In the material below, find every line containing "наследия" and copy that line.

----- Given records

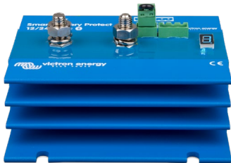
Smart BatteryProtect BP-220
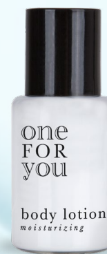
lozione corpo flacone 20 ml
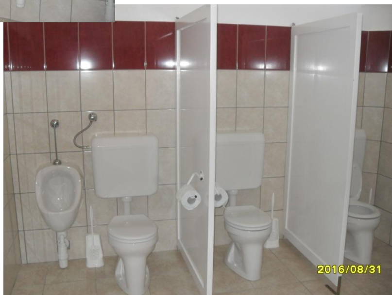
A felújított mosdó helyiség
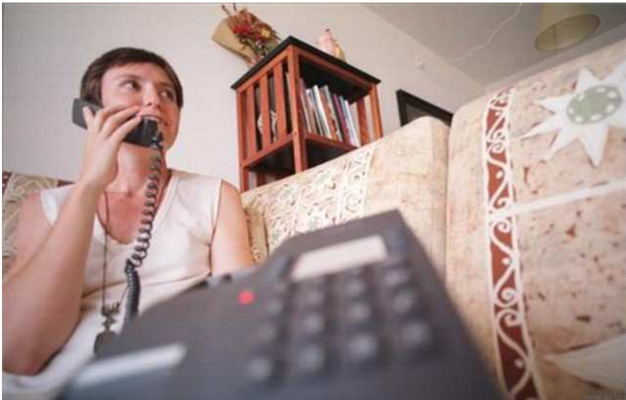
Una mujer llamando por teléfono.
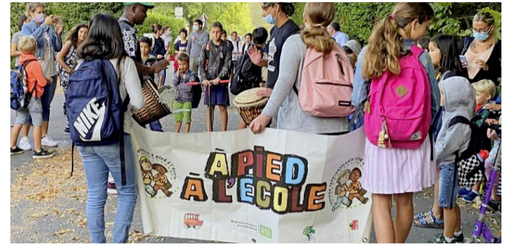
Le cortège qui s'est formé lors de la Journée internationale À pied à l'école.

Les prochains événements ne sont pas encore garantis, comme la fabrication et distribution de la soupe de l'Escalade ou le stand tenu lors de la fête des promotions. Cependant, si l'APEB ne manque pas d'idées et de personnes motivées dans son comité pour les mettre en place, la réalisation de ses activités dépend éga-
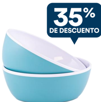
CUENCO OVAL AQUA SET X2 Cód.: 60050137

PSVP Lista: $1.293 PSVP Negocio: $1.154 Puntos Negocio: 12 PUNTOS EXTRA: 5
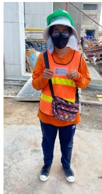
รูปที่ 35 การแต่งการของคนงาน
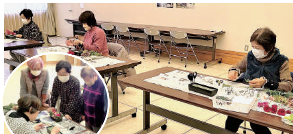
フラワーアレンジメント教室
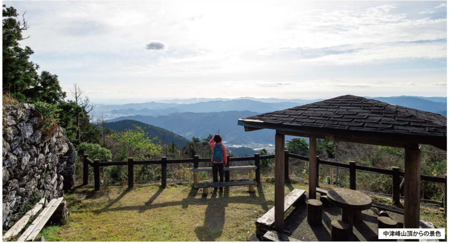
中津峰山頂からの景色
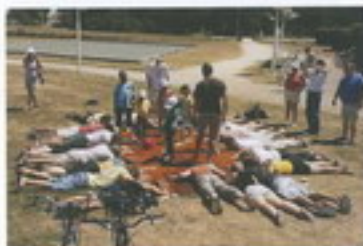
Insolation du plus grand Van Dyke

Le soleil chauffe, les acteurs transpirent et l'épreuve vire vite, très vite, au jaune "chaud" puis vers l'orange jusqu'à une couleur rouille écarlate.
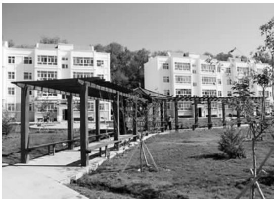
阜康居民小区一角。

园是政府给予百姓生态福利的样本。这座开放式游园位于城市新区核心地带，如果用来做商业开发，市财政至少能增加1.5亿元的收入。阜康市却“忍痛割爱”，放弃了这笔收入，转而挤出4.1亿元，历时3年，为市民建成了一个休闲娱乐的好去处。与水磨滨河景观带游园隔路相望，一座现代化标准运动场正在加紧建设，它将与已经投入使用的文体中心一起，为阜康百姓提供更多更好的健康文化食粮。
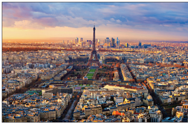
Paris, renivohitri'i Frantsa.

Toy ny ataon'ny antoko Tiako i Madagasikara (TIM), sy ny RMDM (Rodoben'ny Demokrasia eto Madagasikara) eto an-toerana, fantatra izao fa hamondrona ny heriny koa ireo Malagasy monina sy miasa any Frantsa mpomba ny filoha Marc Ravalomanana. Hamondrona ny heriny ireo ao amin'ny antoko sy vondrona politika miara-dia amin'i Dada any ivelany, toy izany koa ireo olon-tsootra resy lahatra amin'ny filoha nasionalin'ny antoko TIM sy ny RMDM. Nanao fanambarana izy ireo mahakasika izany: "izahay rehetra mpanohana ny filoha Marc Ravalomanana eto Frantsa, dia nanapa-kevitra ny hitambatra ato anatin'ny vondrona iray izay mitondra ny anarana hoe "Pro-Ravalomanana France". Hiara-hiasa am-pirahalalana sy hanao ny fomba rehetra ara-dalàna hitondra ny filoha Ravalomanana hatrany amin'ny fandresena amin'ny fifidianana Filoham-pirenena ho avy. Natao ity fampandrenesana ity, mba hampahafantarana ny zava-misy eto Frantsa ary manantena fiaraha-miasa avy amin'ny filoha Ravalomanana sy ny rehetra izahay". Izay mi-
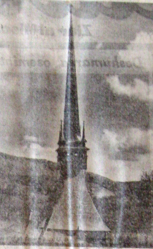
Biserica de lemn din Fieștii de Sus, în Munții Apuseni, arată același îndemănare a țărânului român de a-și crea arhitectură proprie, adaptată vieții simple populare.
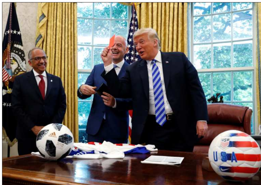
▲ La parcialidad de la FIFA en el presente Mundial ha quedado de manifiesto por su obsecuencia ante los atropellos cometidos por el gobierno de Trump contra diversos equipos, empezando por el de Irán.

Esta inocultable sumisión del máximo organismo del fútbol internacional ante Estados Unidos es sólo una de las miserias exhibidas por la FIFA en el curso del presente torneo. Ya habrá ocasión de comentar sobre su acentuado mercantilismo y su propensión a convertir ese deporte en un espectáculo exclusivo para un público pudiente.
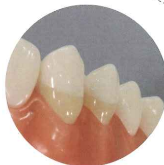
ナノフィラーにより 簡単な研磨で艶がでます
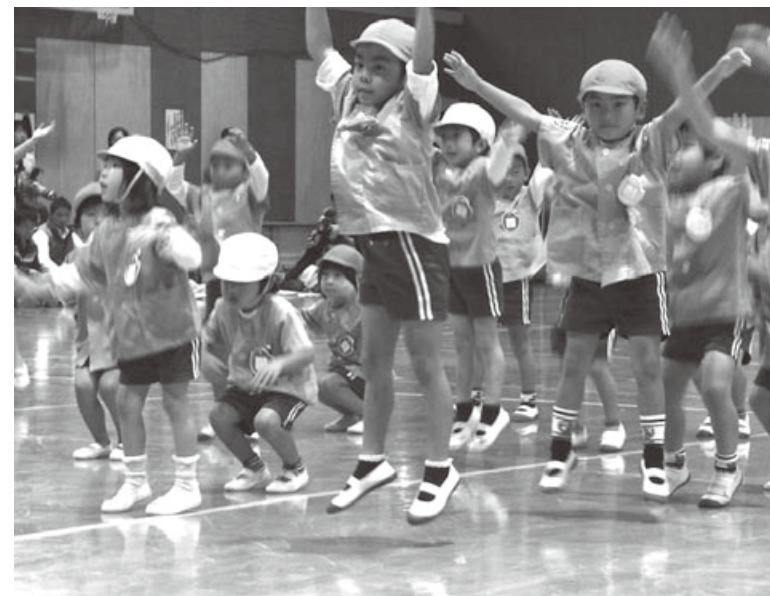
いづみ保育所運動会

議会の基本ルールであり、今日までの議会の取組みや、議会運営での決定事項を明文化した条例。
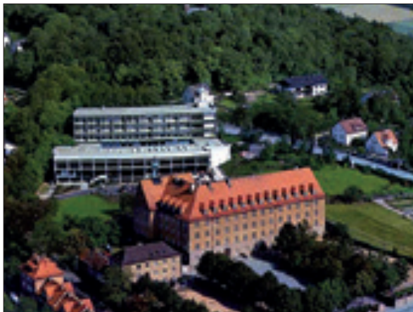
Cham: Internat und Realschule

1946 erfolgte die Erhebung zur Ordensprovinz, ein Zeichen aus dem Mutterhaus für den Anstoß zu einem neuen Aufschwung. Stationen des Aufschwungs waren die Errichtung eines Studienhauses in München, der Neubau der Klosterkirche und des Brüderhauses in Furth, der Neubau der Schule in Recklinghausen und vor allem der Neubau der Schule in Mindelheim 1961 und die späteren großen Erweiterungsbauten. Auch Cham erhielt 1966 eine neue Schule, und schließlich 1995 auch Furth. Die Zahl der Brüder, war 1967 auf 187 angewachsen. Die Internate und Schulen blühten.
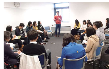
国際協力カレッジ
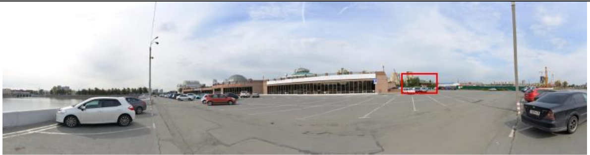
Фото 2. Развертка улицы Береговая вдоль набережной реки Миасс. Точка статического визуального восприятия рассматриваемого объекта культурного наследия.

Описание визуального восприятия объекта культурного наследия:

----------

- **Exercise response**
Фото 2. Развертка улицы Береговая вдоль набережной реки Миасс. Точка статического визуального восприятия рассматриваемого объекта культурного наследия.
Описание визуального восприятия объекта культурного наследия:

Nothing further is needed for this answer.